* DIRECTIONS FOR THIS TASK
The result should be all the records, exact and complete, without a single picture.
━━━
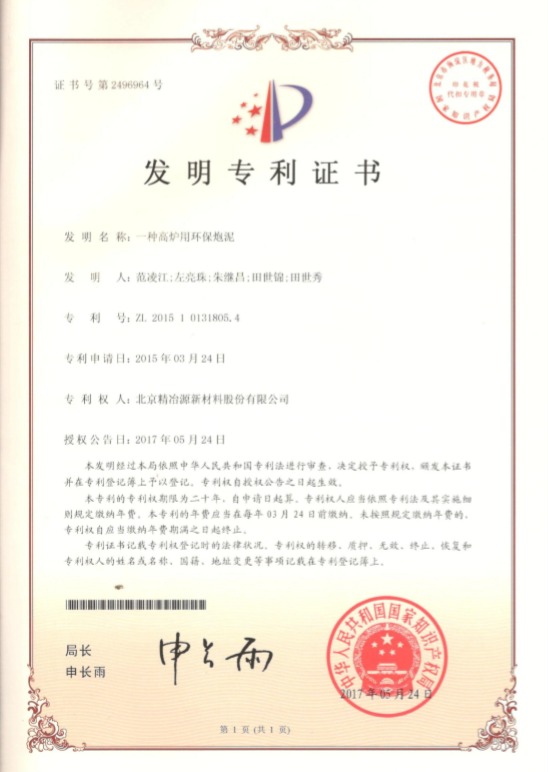 近日,由北京精冶源新材料河北有限公司(簡稱:精冶源;股票代碼:831091)研發的一種新型結合劑環保炮泥喜獲國家知識產權局發明專利授權,專利號:201810621824.9。這是精冶源在爐前炮泥領域獲得的第四項國家專利。
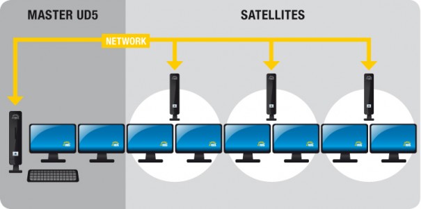 En el centro de la solución hay un thin client IGEL UD5-x30 LX estándar, que viene con dos conexiones de monitor como estándar. Con una tarjeta de red embebida, se puede utilizar como dispositivo maestro para controlar hasta tres thin clients basados en Linux (el IGEL UD2, UD3, UD5 o UD9) como dispositivos satélite, cada uno de los cuales puede soportar hasta dos monitores adicionales.
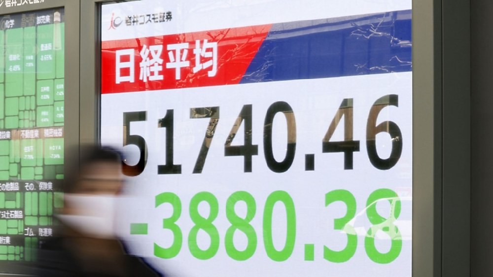 日經225指數9日開盤慘遭血洗,盤中曾崩跌超過4,200點,儘管終場跌勢略為減輕,但仍重摔5.2%,收52,728.72點,創一個月新低紀錄。累計從2月27日高點計算,其目前累跌已超過10%而進入技術修正區。
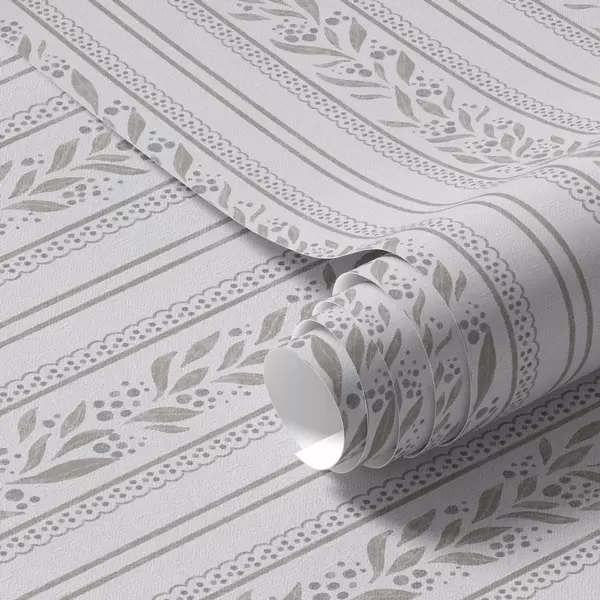 Tapeet Triibud pitsiga ja okstega jahedal valgel taustal Nr. a00814v1
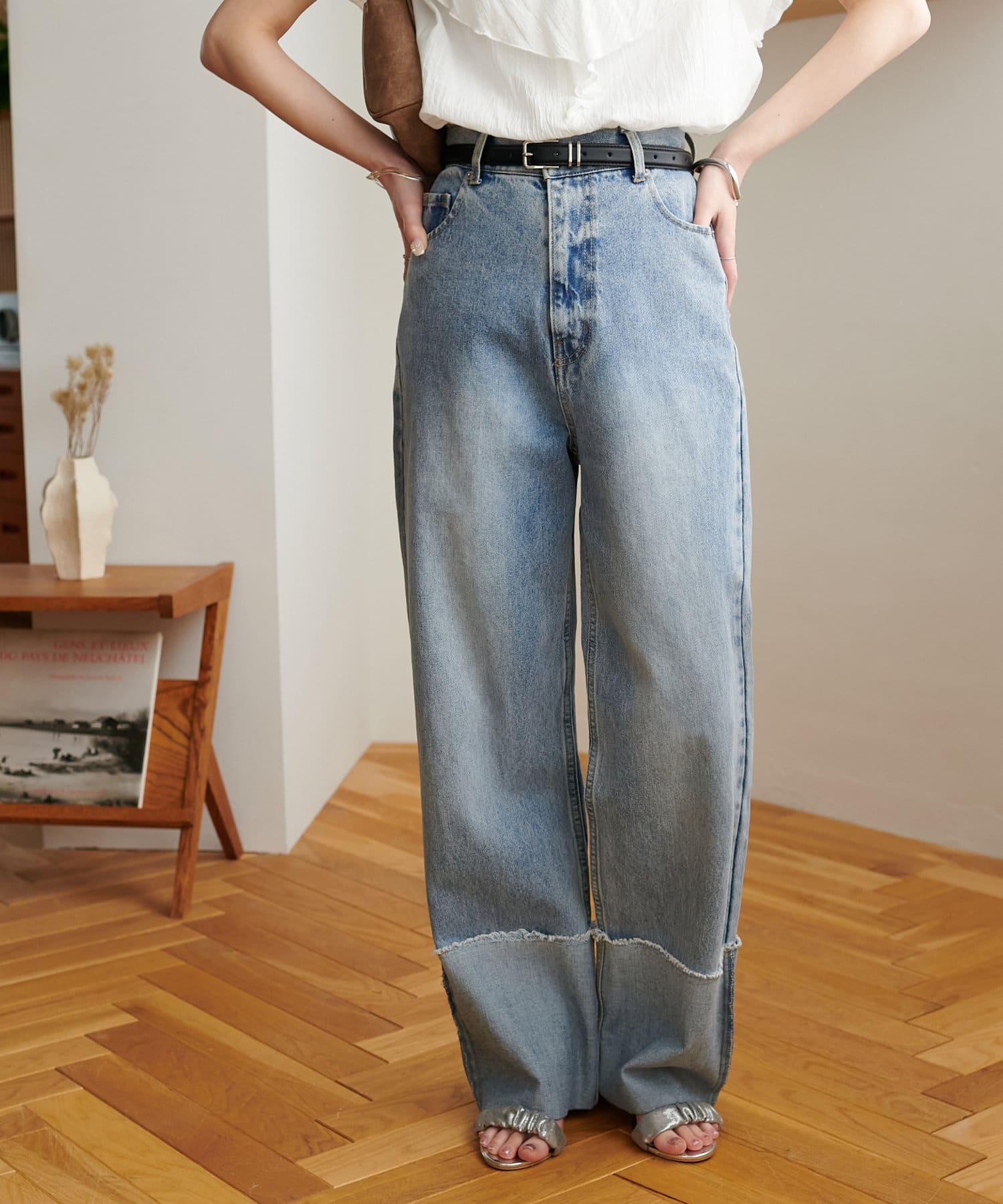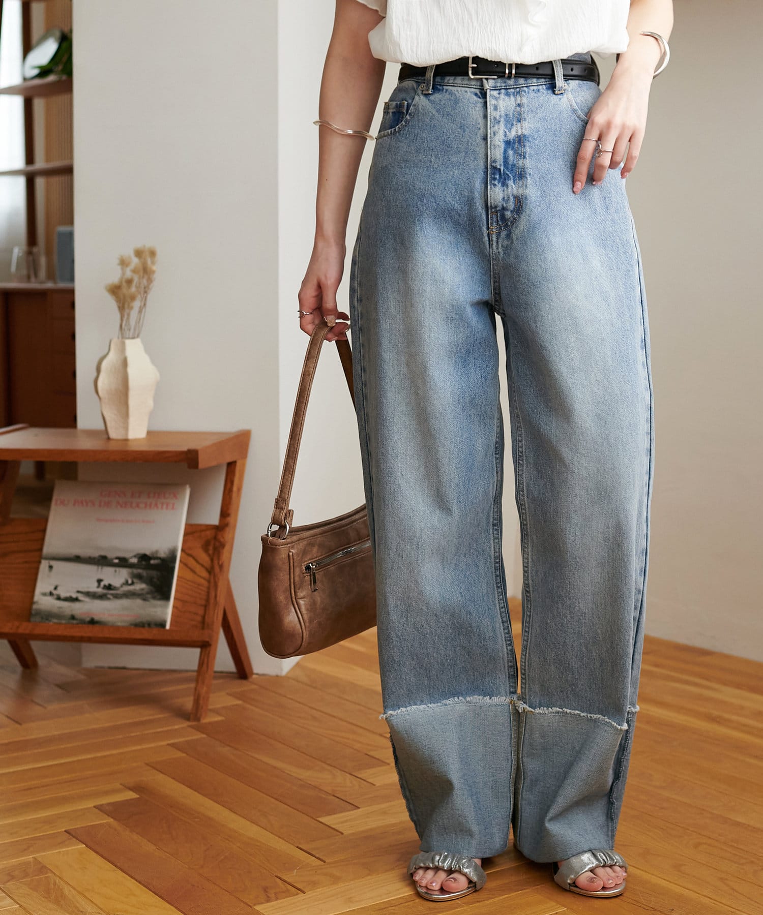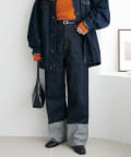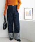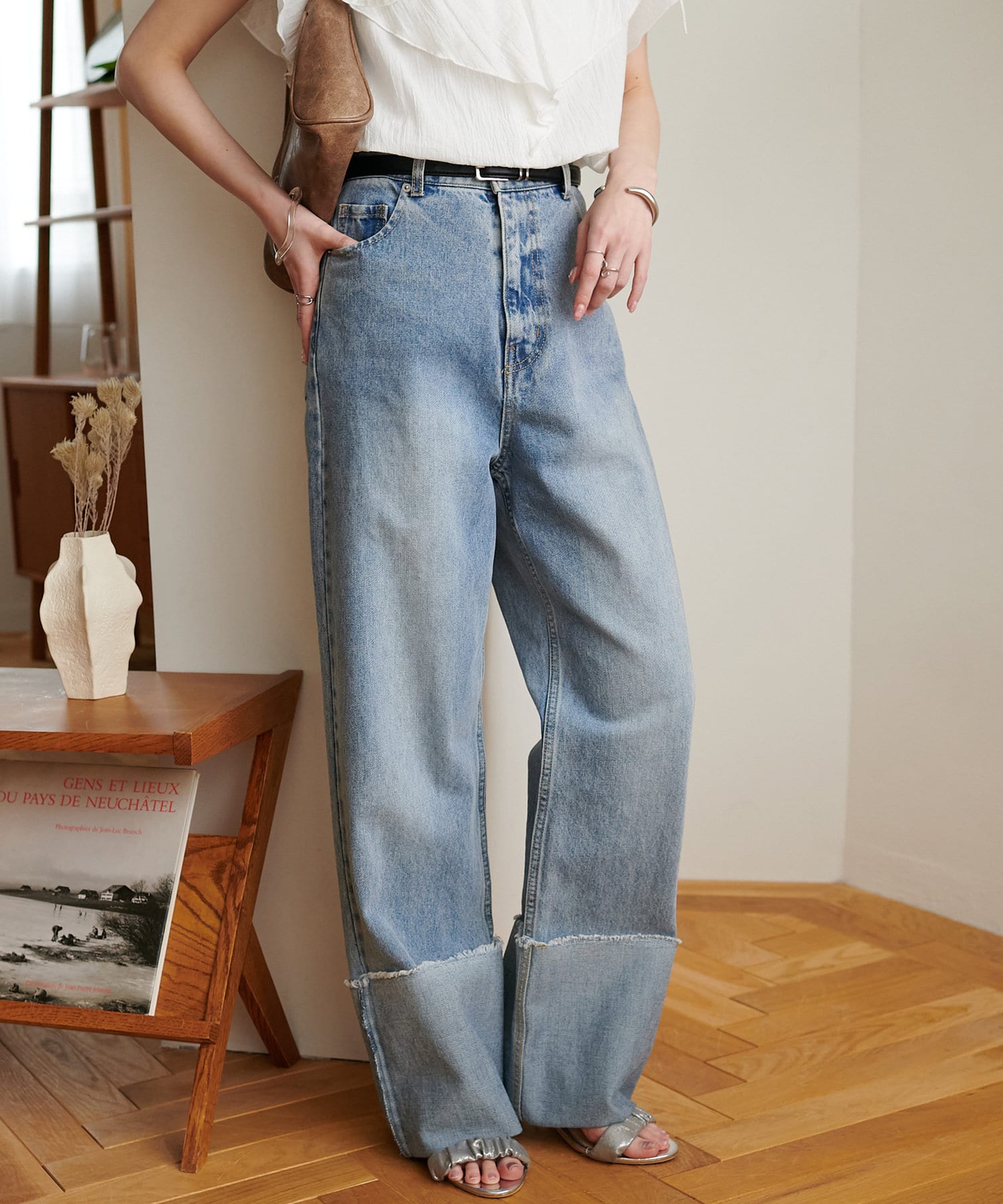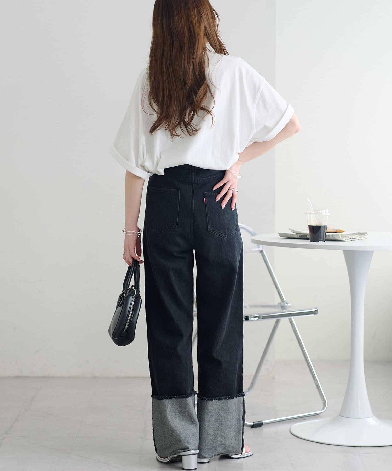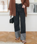168cmスタッフ(Lサイズ着用):折り返しタイプが新鮮なデニムパンツはハイウエストでやや長めなので、高身長には嬉しいデザインです◎
━━━
* OUTPUT BELOW
 近日,由北京精冶源新材料河北有限公司(簡稱:精冶源;股票代碼:831091)研發的一種新型結合劑環保炮泥喜獲國家知識產權局發明專利授權,專利號:201810621824.9。這是精冶源在爐前炮泥領域獲得的第四項國家專利。
 En el centro de la solución hay un thin client IGEL UD5-x30 LX estándar, que viene con dos conexiones de monitor como estándar. Con una tarjeta de red embebida, se puede utilizar como dispositivo maestro para controlar hasta tres thin clients basados en Linux (el IGEL UD2, UD3, UD5 o UD9) como dispositivos satélite, cada uno de los cuales puede soportar hasta dos monitores adicionales.
 日經225指數9日開盤慘遭血洗,盤中曾崩跌超過4,200點,儘管終場跌勢略為減輕,但仍重摔5.2%,收52,728.72點,創一個月新低紀錄。累計從2月27日高點計算,其目前累跌已超過10%而進入技術修正區。
 Tapeet Triibud pitsiga ja okstega jahedal valgel taustal Nr. a00814v1
168cmスタッフ(Lサイズ着用):折り返しタイプが新鮮なデニムパンツはハイウエストでやや長めなので、高身長には嬉しいデザインです◎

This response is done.